Start of DATA UNDER STUDY

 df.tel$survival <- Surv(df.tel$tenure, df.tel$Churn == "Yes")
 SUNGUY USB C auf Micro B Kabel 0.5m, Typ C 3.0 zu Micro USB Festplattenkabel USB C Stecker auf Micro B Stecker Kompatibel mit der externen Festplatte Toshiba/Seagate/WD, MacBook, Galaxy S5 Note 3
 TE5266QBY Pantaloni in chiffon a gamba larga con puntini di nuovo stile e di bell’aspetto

End of DATA UNDER STUDY
Start of DATA UNDER STUDY

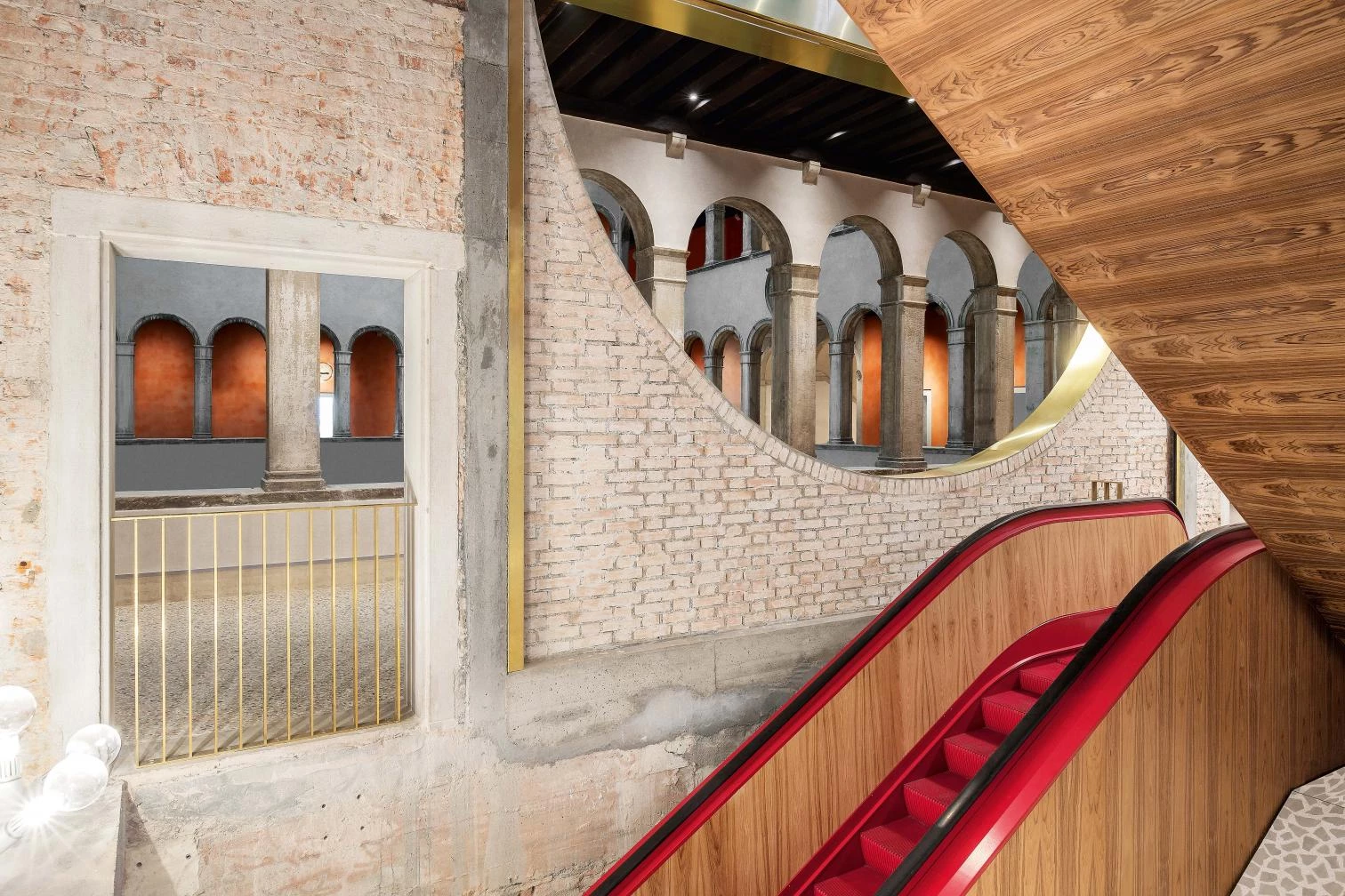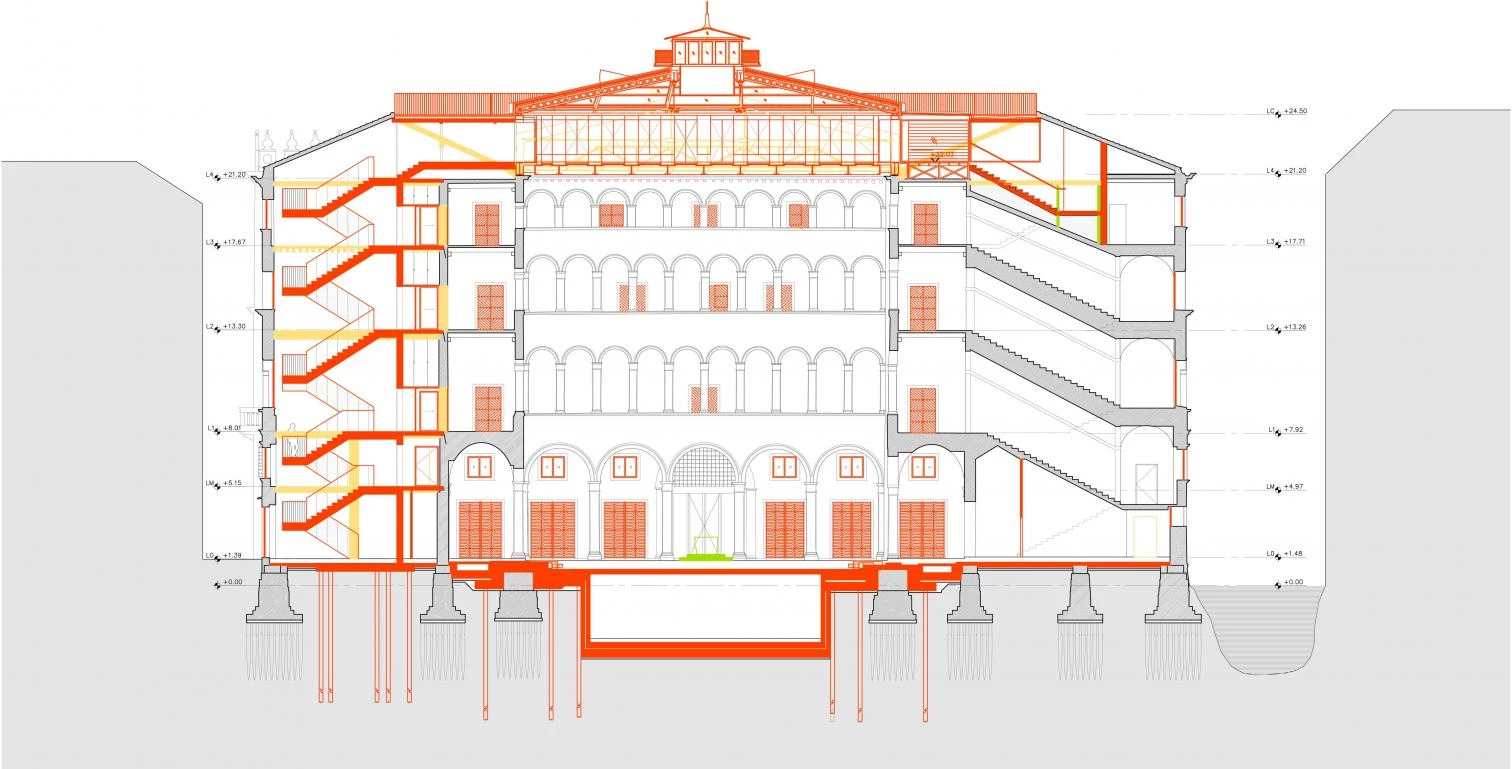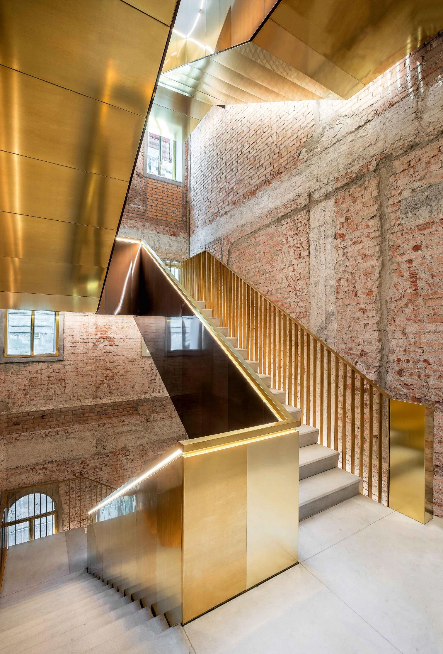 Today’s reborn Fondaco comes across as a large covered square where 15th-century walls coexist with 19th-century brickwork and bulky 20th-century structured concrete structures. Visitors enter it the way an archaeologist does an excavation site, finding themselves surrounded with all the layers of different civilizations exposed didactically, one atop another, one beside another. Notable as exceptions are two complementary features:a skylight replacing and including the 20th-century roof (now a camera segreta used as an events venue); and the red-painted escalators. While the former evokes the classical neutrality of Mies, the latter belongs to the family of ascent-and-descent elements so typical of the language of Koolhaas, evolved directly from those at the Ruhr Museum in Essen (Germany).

End of DATA UNDER STUDY

### WHAT IS REQUIRED
Given the records above, restate word for word only the lines starting at the one with "SUNGUY USB C" and ending at the one with "TE5266QBY Pantaloni in".

### OUTPUT BELOW
 SUNGUY USB C auf Micro B Kabel 0.5m, Typ C 3.0 zu Micro USB Festplattenkabel USB C Stecker auf Micro B Stecker Kompatibel mit der externen Festplatte Toshiba/Seagate/WD, MacBook, Galaxy S5 Note 3
 TE5266QBY Pantaloni in chiffon a gamba larga con puntini di nuovo stile e di bell’aspetto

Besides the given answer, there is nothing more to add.